The number didn't just land in Henry's mind—it detonated.

For a second, his conscience screamed, but then... the number drowned it

His pulse quickened, a ringing echoing through his skull as the possibility swallowed him whole.

One hundred million.

A fortune big enough to erase every regret. To rewrite his name into history instead of a dusty footnote.

He fought to hold back his excitement, but his eyes betrayed him with a spark he couldn't suppress. "Sir… you're truly serious?"

William nodded once, almost indulgently. "Completely. So—shall we agree?"

He extended his hand, inviting, almost gentle.

Henry grabbed it with both desperation and eagerness, gripping tighter than necessary.

"Yes, sir! I'll sell!" The words burst out of him like a dam finally breaking.

William's smile sharpened, stretching into something a little too wide.

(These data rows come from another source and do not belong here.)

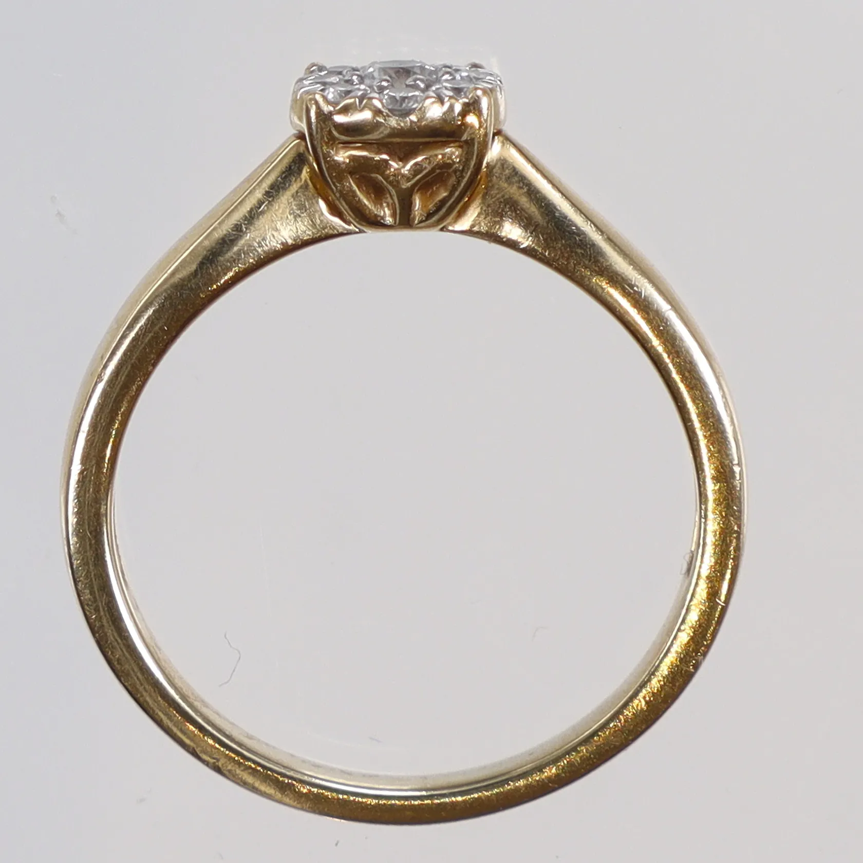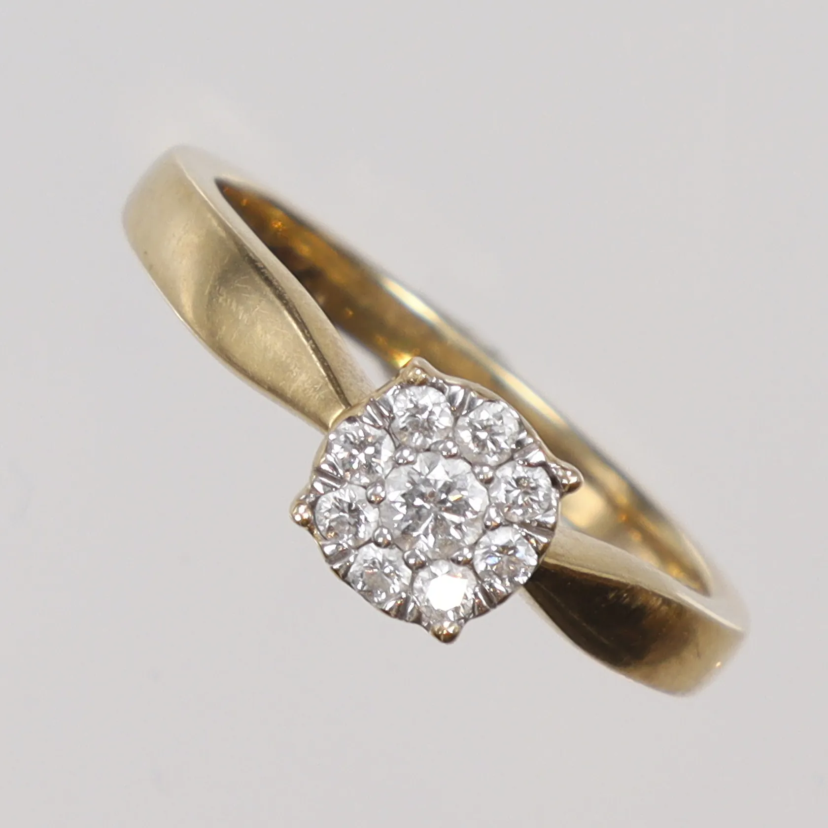 Ring med diamanter totalt ca 8x 0,01ct, 1 x 0,10ct, stl ca 16½, GHA, 18K Vikt: 3,2 g.
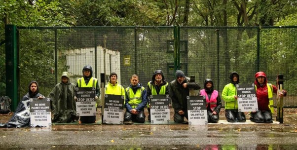 The protesters held placards which read: “Surrey County Council, stop UKOG flouting Supreme Court Horse Hill ruling”, “CEO Stephen Sanderson Stop Pumping Oil Unlawfully At Horse Hill” and “No More Planet Killing Emissions – Time To Restore Horse Hill To Nature”.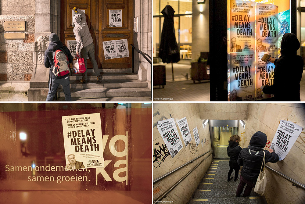 Highlights include rebels in Berlin erecting a huge 1.5°sculpture on a central bridge (and proclaiming it dead) and rebels in Brussels going on an overnight poster campaign that saw ‘Delay Means Death’, a quote from UN Secretary General, appear all over the city.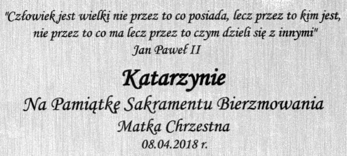 Grawerowana dedykacja poniżej wizerunku nadaje całości indywidualny i niepowtarzalny charakter i jest bardzo dobrym prezentem z okazji bierzmowania.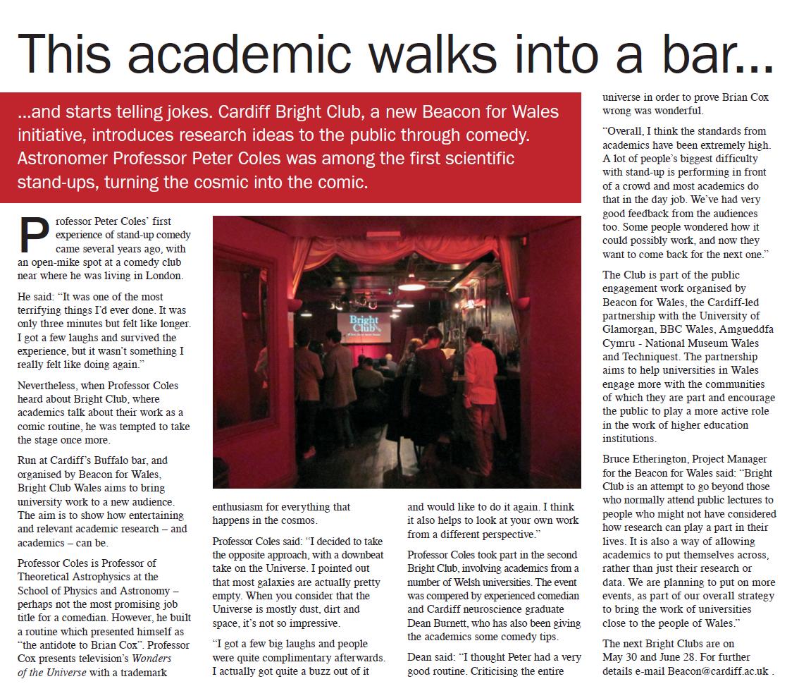 It seems my 12-minute stab at being a comedian at Bright Club Wales has led me to the dizzy heights of fame. So much so that I’ve even appeared in the latest issue of Cardiff University News (which you can read online here). Here’s the piece, though you might need to click on it to make it big enough to read..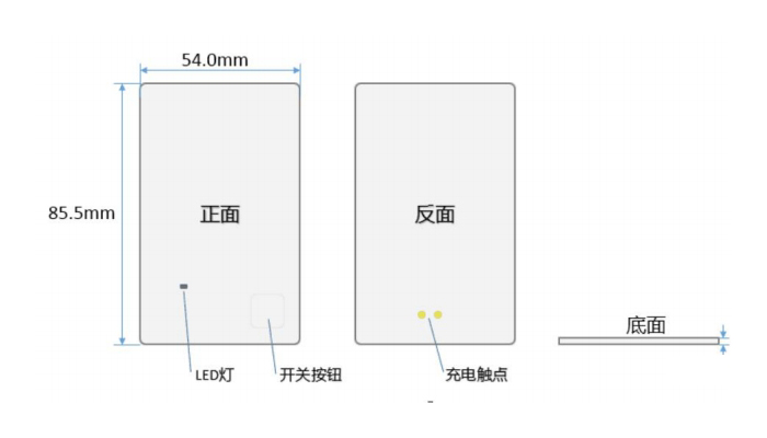 開啓/關閉藍牙卡:找到數字貨币卡片上的開關按鍵,快速按鍵,紅燈閃爍一次,數字貨币卡進入工作狀态,在按任意一個觸摸按鍵,即可讓顯示屏顯示開機畫面;再次按鍵,數字貨币卡藍燈閃爍一次,屏幕刷成白屏,卡既可進入休眠狀态;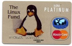 Obwohl jeder denkt, dass es unzählige Firmen gibt, die Kreditkarten anbieten, dominieren die fünf größten, nämlich JPMorgan Chase, American Express, MBNA, Bank of America und die Citigroup -- laut dem Consumer-Reports-Heft im November 2005 -- 65% des Marktes. Die Kreditkarten kommen natürlich trotzdem in zig verschiedenen Aufmachungen daher. Michael liebt besonders die Karten, die irgendwelche Bonusprogramme haben, wie zum Beispiel, dass wir am Ende des Jahres 2% auf bestimmte Einkäufe wieder bekommen oder er E-Bay- Punkte sammeln kann, wenn er die Karte benutzt. Am meisten Aufsehen erregen wir aber immer mit unser Linux-Mastercard (übrigens von MBNA), die den Pinguin von Linux auf der Karte abbildet. Alle kommentieren immer, wie nett der aussieht, wissen aber in der Regel nicht, dass sich hinter Linux Michaels Lieblingsbetriebssystem für den Computer verbirgt.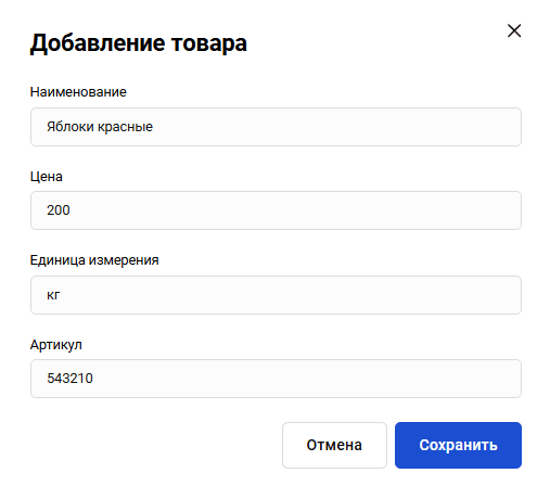 Откроется форма для заполнения информации о товаре.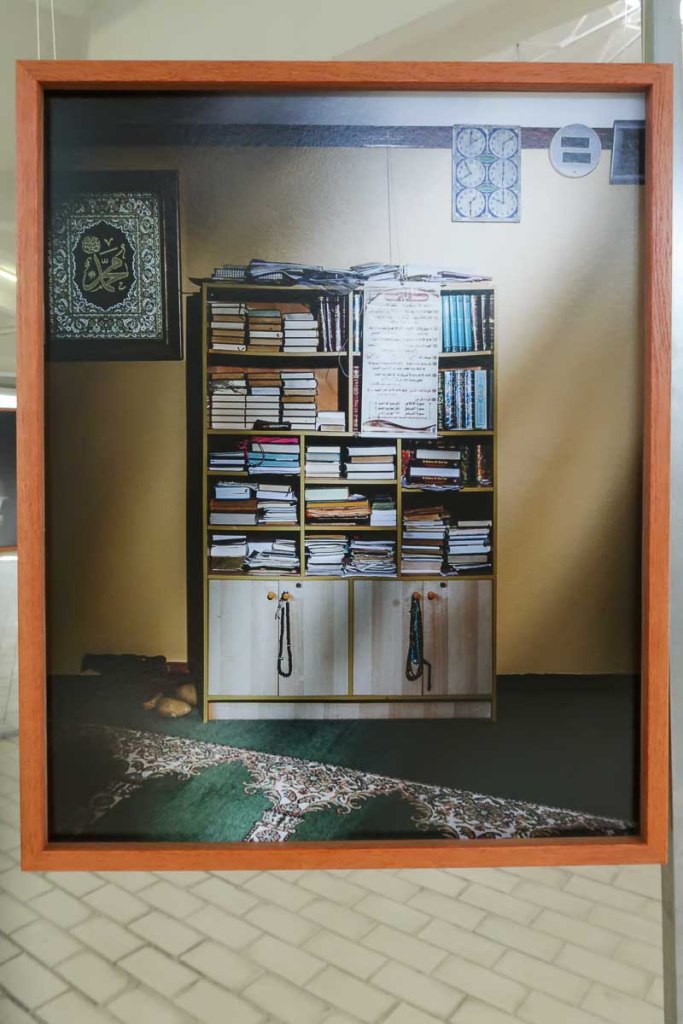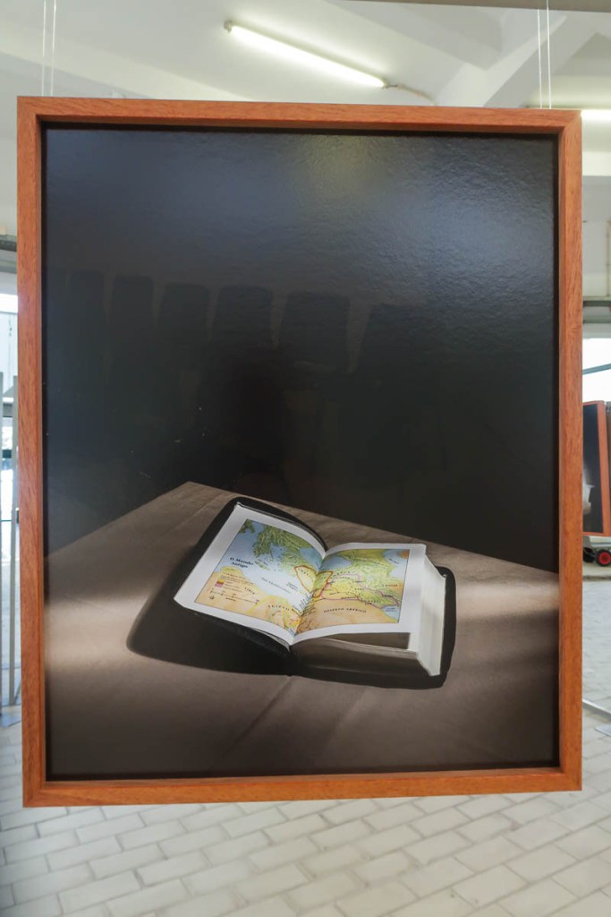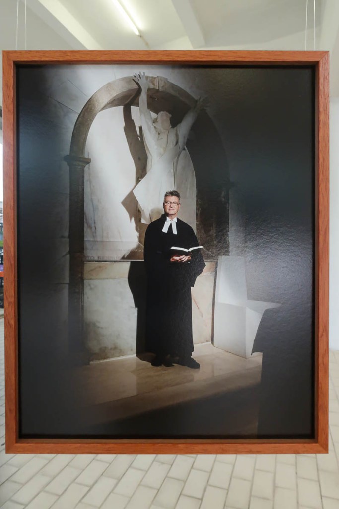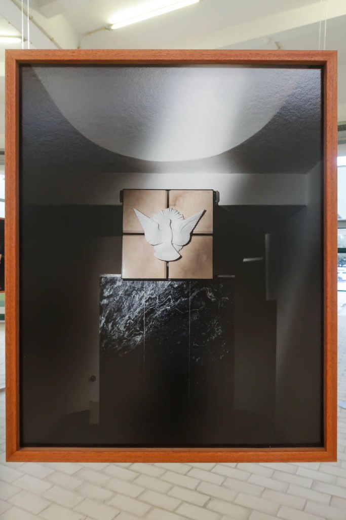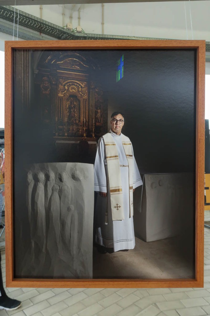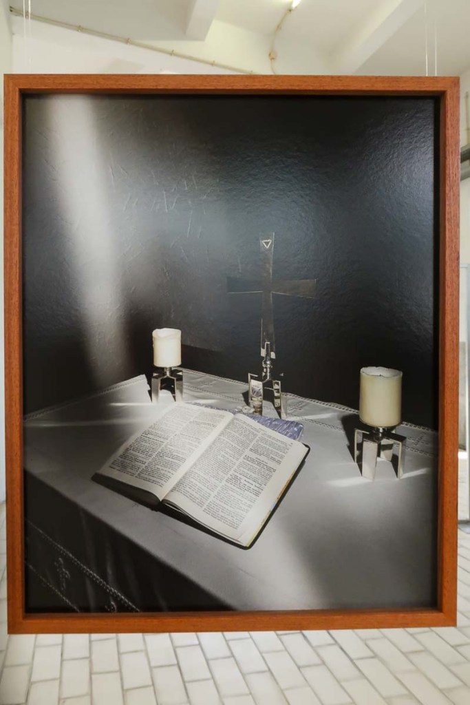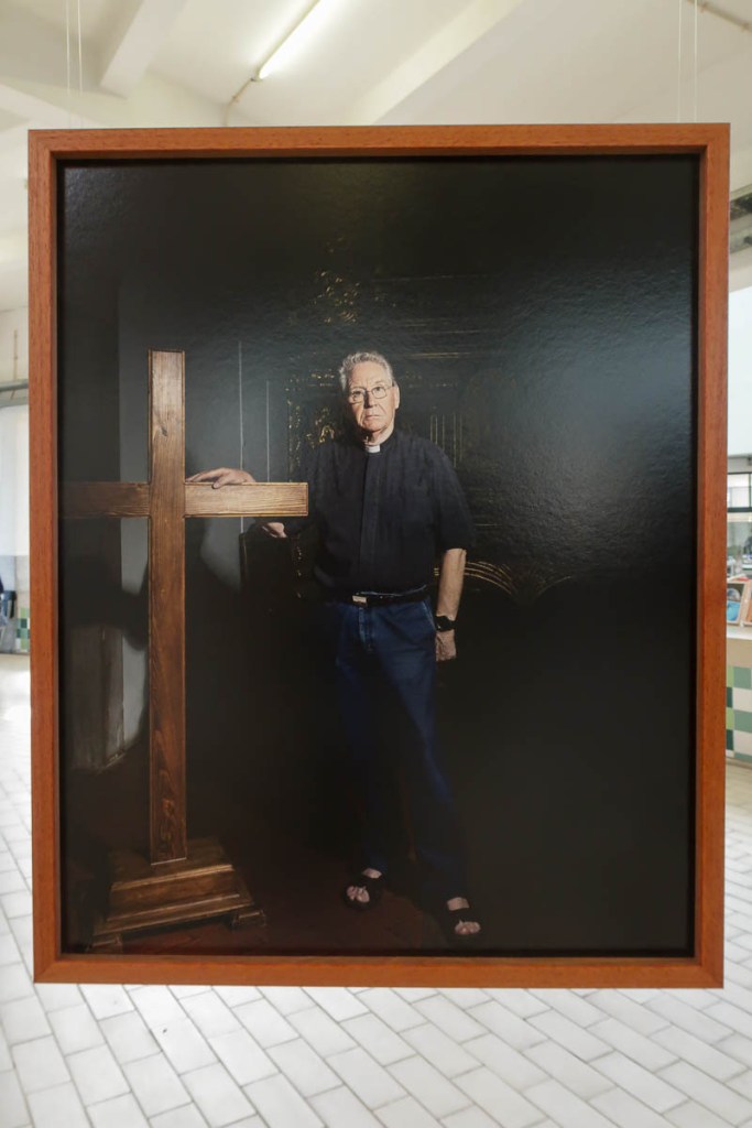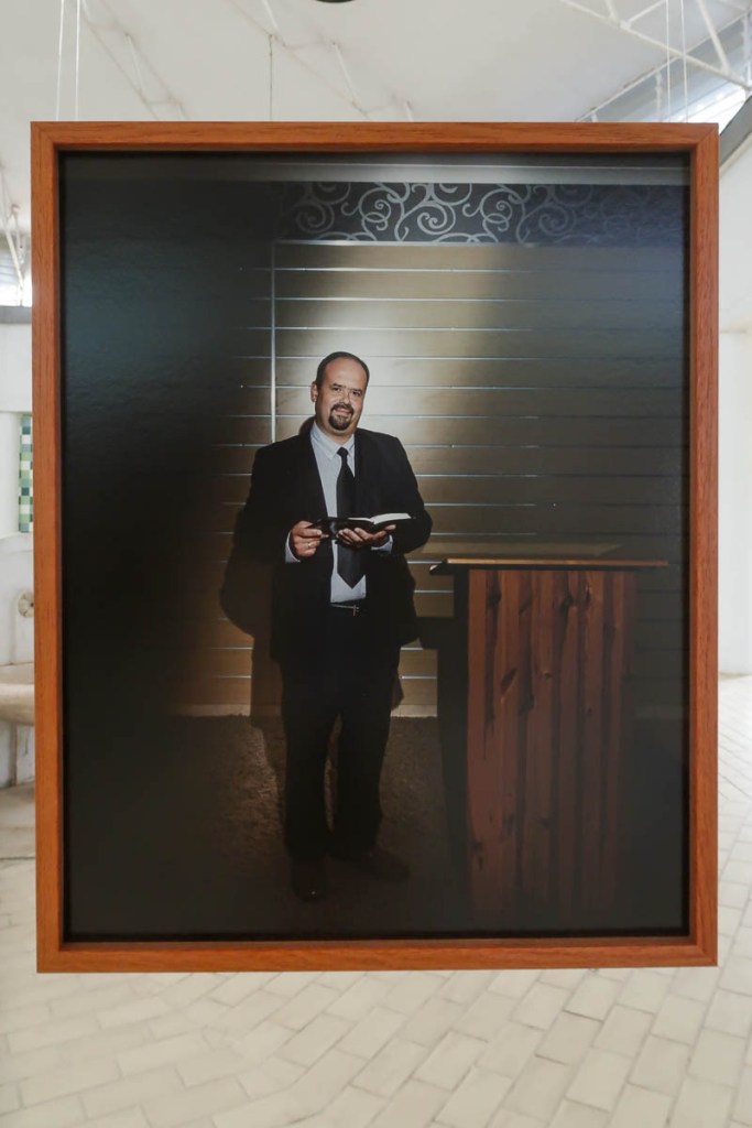 Exposta em círculo, cada estrutura apresenta duas fotografias de um mesmo credo: para o interior o rosto do padre, do pastor, do celebrante; para o exterior, um detalhe do templo e de sinais de devoção desse mesmo credo.
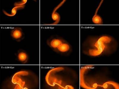 上图演示了两个同等质量的盘状星系碰撞过程的复杂动态演变过程。对暗物质、恒星和...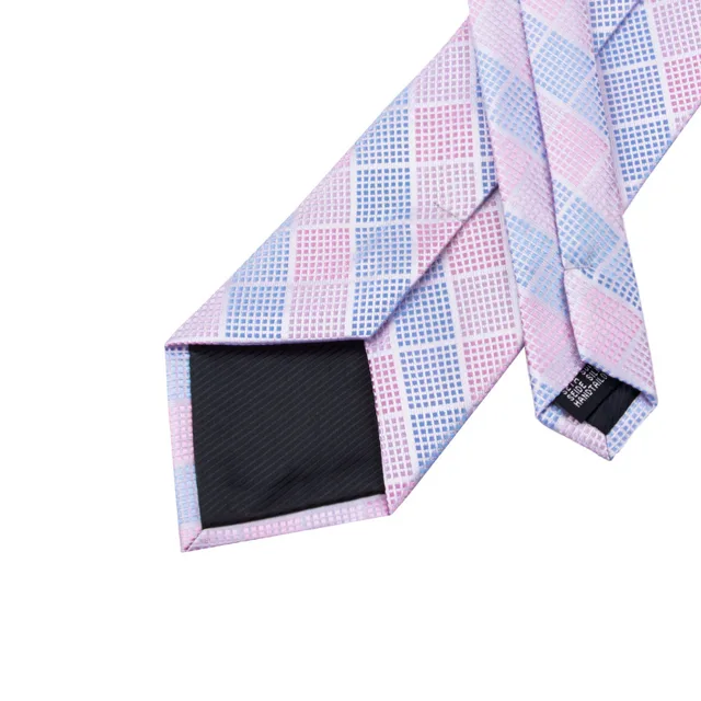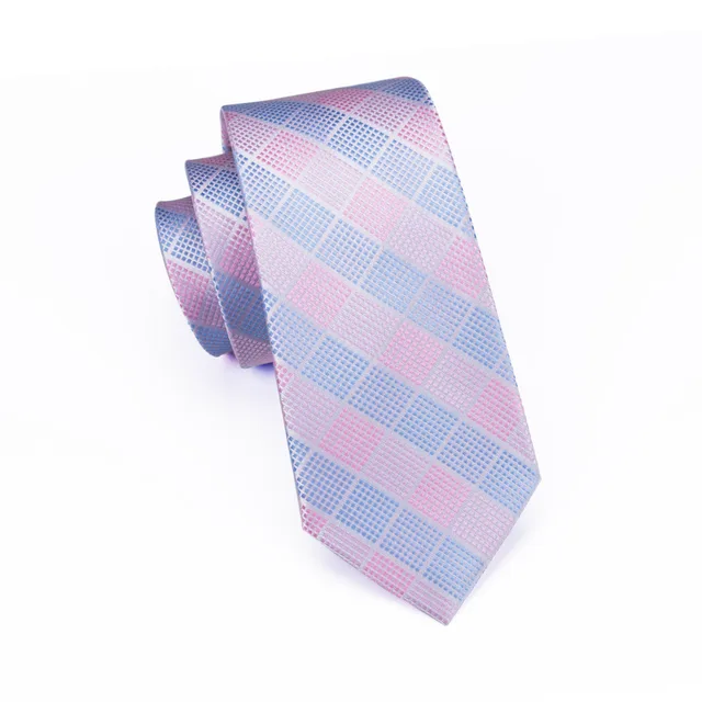 C-1198 패션 실크 자카드 넥타이 라이트 블루 핑크 격자 무늬 넥타이 손수건 커프스 세트 넥타이 비즈니스 웨딩 파티 여기를 더 선택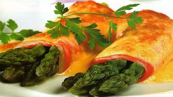 Pelamos las puntas de los espárragos y limpiamos bien. Ponemos a hervir en una olla con abundante agua, dejamos varios minutos con el agua hirviendo, hasta que estén ligeramente tiernos, pero teniendo en cuenta que los volveremos a cocinar ligeramente después.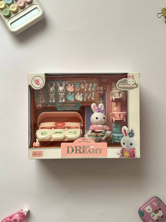 این ست اسباببازی خرگوشی، شامل عروسک خرگوش بههمراه کالسکه، صندلیها و لوازم جانبی کوچیک و دوستداشتنیه که برای بازی تخیلی و نقشآفرینی کودکان خیلی جذابه. طراحی ظریف، رنگهای ملایم و جزئیات دقیقش باعث میشه بچهها ساعتها باهاش سرگرم بشن.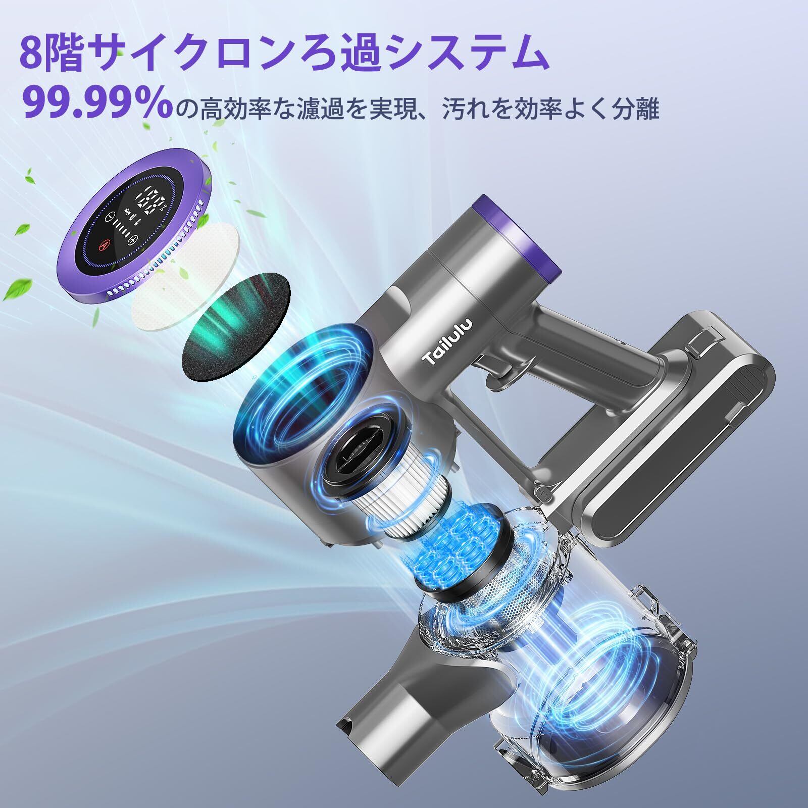 ✨【8重濾過システム・サイクロン式・ワンタッチゴミ捨て】Tailuluスティック掃除機8層強力濾過サイクロンシステムを採用して、遠心力で「ゴミ」と「空気」を確実に分離して集塵できます。効率的な吸引力を持続でき、長時間の連続使用でも安定した性能を発揮します。掃除機コードレスは高度なサイクロン除塵技術と高性能HEPAフィルターシステムと組み合わて、0.3μmの微細なホコリを99.97%除去し、二次空気汚染を排除し、いつでもどこでも家の中を清潔に保てます。HEPAフィルターを洗浄し、乾燥させて再利用することで、エコを実現します。1.5Lの大容量ダストカップで、ゴミ捨て回数や手間もを軽減。ワンタッチで簡単に空にでき、お手入れ簡単、手を汚しません。【予備用フィルターの製品番号:B0CYLRR1YT】

A low chuckle escaped him, building into a triumphant, booming laugh that filled the room.

"Hahahaha!"

Henry joined in, his own laugh weak and confused—more a reflex than joy—while a cold unease crawled down his spine as their hands remained locked together.

After a few seconds, William took his hand back and his voice turned brisk, cutting through the remnants of laughter. "You should head back to your room."

"Someone will come by shortly."

Henry nodded eagerly, almost bowing as he backed away.

The moment he was gone, William's expression collapsed into cold emptiness.

He stared down at his own palm, where a thin line of blood trailed from the skin Henry had grasped.

"Finally… it's gone," he whispered, exhaling a breath that sounded like relief tainted with dread.

"Maybe now, I'll be allowed to sleep."

His gaze lingered on the closing elevator doors, where Henry had vanished moments earlier.

"It's not personal," William murmured, though his tone lacked guilt. "I'm sorry."

He dismissed the other thoughts with a tired shake of his head.

Because... Henry no longer mattered.

Meanwhile, inside the elevator, Henry lifted his hand and noticed a thin smear of blood on his palm. He frowned, confused.

"Strange… Did I grab something sharp?"

But the question drifted away as quickly as it came.

His future—his perfect future—was only hours away. That was all he cared about.

He reached his room with buzzing excitement still swirling in his chest, convinced that tomorrow would be his big day.

Henry lay down and drifted into sleep with a hopeful smile…

…utterly oblivious to the nightmare he had already embraced.